Checklist: How do you recognize dubious financial advisors?

  • The initial telephone contact takes place without a request from the customer.
  • Terms such as "optimize old-age provision", "save taxes" or "risk-free" are used as "decoy".
  • Customer questions are often answered with counter-questions and moral pressure is applied ("Do I look like I'm lying?").
  • The "friendship scam" is supposed to create trust, something like this: "Your work colleague / sports comrade recommended that I ask you whether you would also like to save a lot of money every month."
  • High returns without risk are promised. But: the higher the return, the greater the risk!
  • Only verbal promises are made about the security, return and duration of the offers. Attention: If these promises are not fulfilled, there are problems of proof. Therefore always make promises in writing!
  • Existing investments are badly made and you are asked to terminate them.
  • The considerable costs for sales, preparation of prospectuses, administration and the brokerage of bank loans are concealed.
    Danger: Never let it get rid of, it's all in the prospectus.
  • There is pressure to sign contracts quickly. But: Investment products are a dime a dozen. There is no hurry!
  • A sales prospectus is only handed over after the contract has been signed - often after the withdrawal period has expired.
  • The approval as a financial broker is not entered in a register at BaFin or at the locally responsible Chamber of Industry and Commerce.

How does the financial advisor make his money?

At the expense of the customer! Most "financial advisors" work as self-employed commercial agents on a commission basis. The more and the more expensive products are sold, the brighter the cash register rings.
It is not decisive whether the product fits the customer. It is not uncommon for the conversation to be directed towards a single offer anyway. The focus for the "consultant" is the quick conclusion of a contract. Because time is money.

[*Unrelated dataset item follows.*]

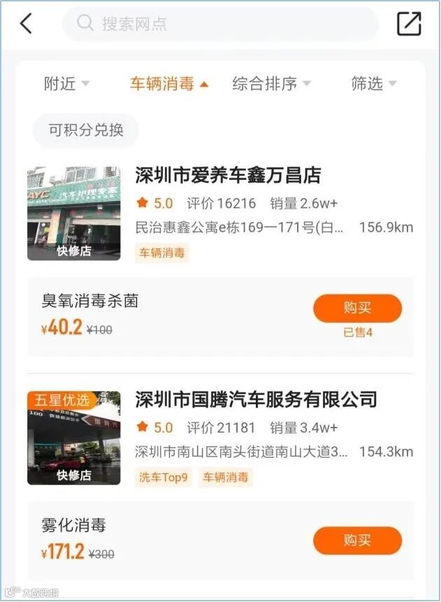 不知如何挑选门店的车友,可直接在平安好车主APP搜索“汽车消毒”服务,附近专业消毒门店一键掌握,喷洒消毒、蒸汽消毒、空调消毒、臭氧消毒、光触媒消毒5大消毒模式任您选择。不仅如此,线上下单还可享优惠呢!
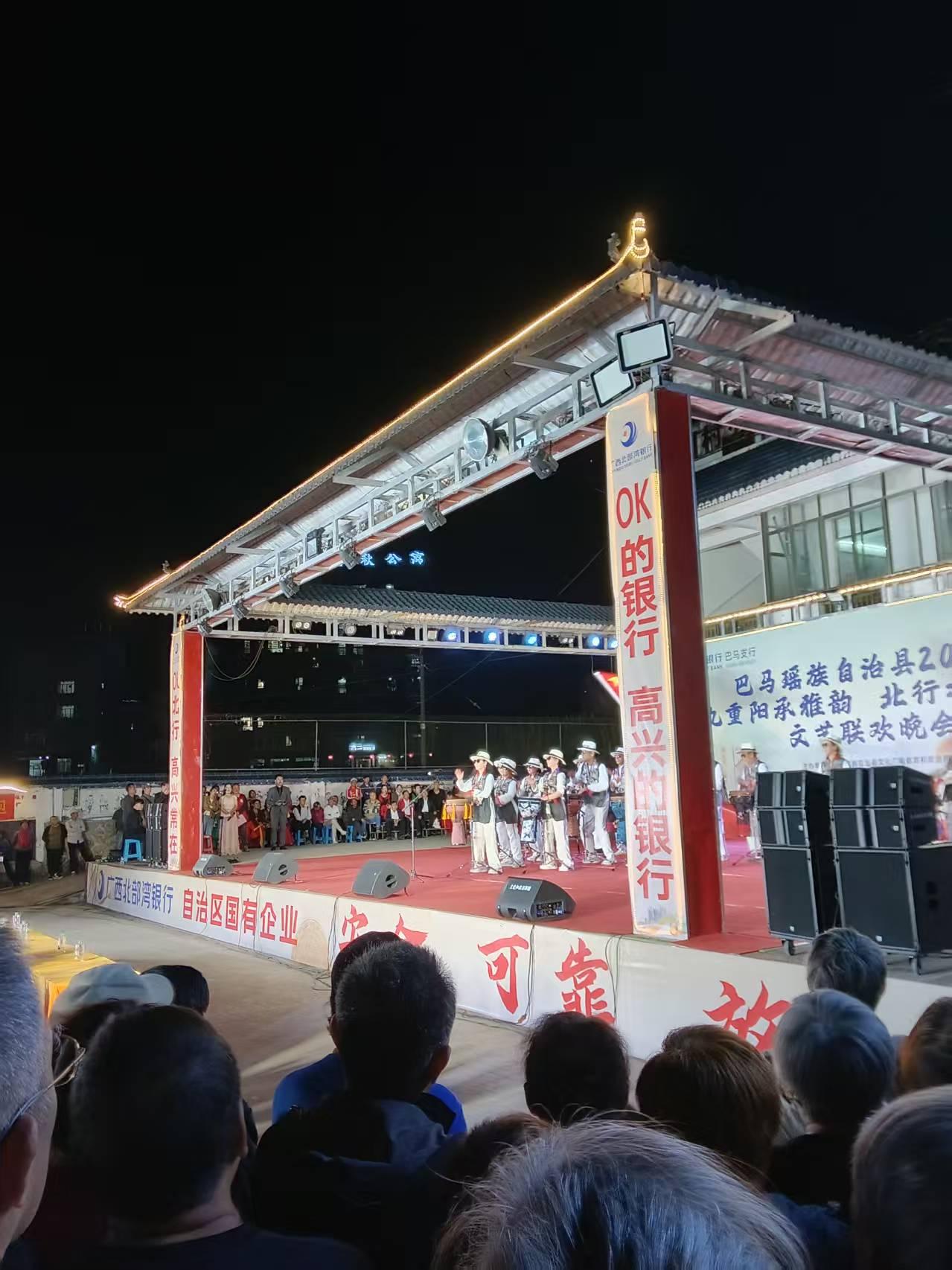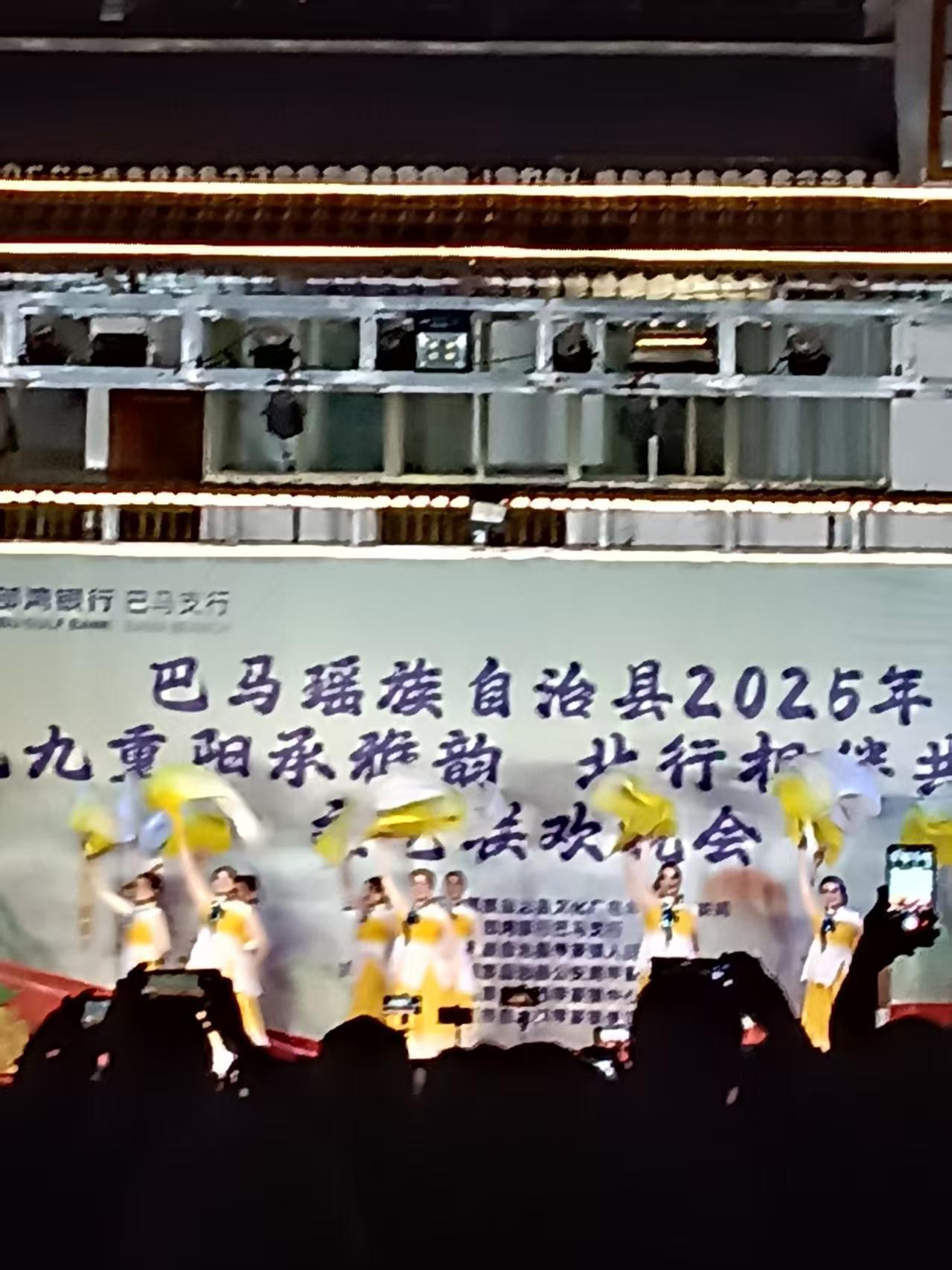 巴马九九重阳大型文艺演出 巴马长寿乡坡月村足拉屯文化广场,今晚7点上演了一场名为“巴马瑶族自治县2025年九九重阳录雅韵,北行相伴共安康”文艺晚会。 第1天到来就收到了两份惊喜真是运气满满的。

Are there reputable financial advisors?

Yes, typical features are that

  • they give the customer enough time to study the investment documents carefully and recommend that they do so
    get a second opinion, e.g. from a consumer advice center or a tax advisor;
  • they have no problem with confirming and delivering the important facts in writing;
  • they expressly state that the contract can be revoked within 14 days if doubts about the decision arise after the conclusion of the contract.

Important for her!

Never enter into contracts with financial advisors who

  • want to get in touch and talk about monetary matters without prior agreement;
  • come up with the "friendship scam" and push for a hasty conclusion;
  • promise high returns without risk and an exit option at any time;
  • only make verbal commitments.

The best protection against such financial sharks: Simply hang up the phone!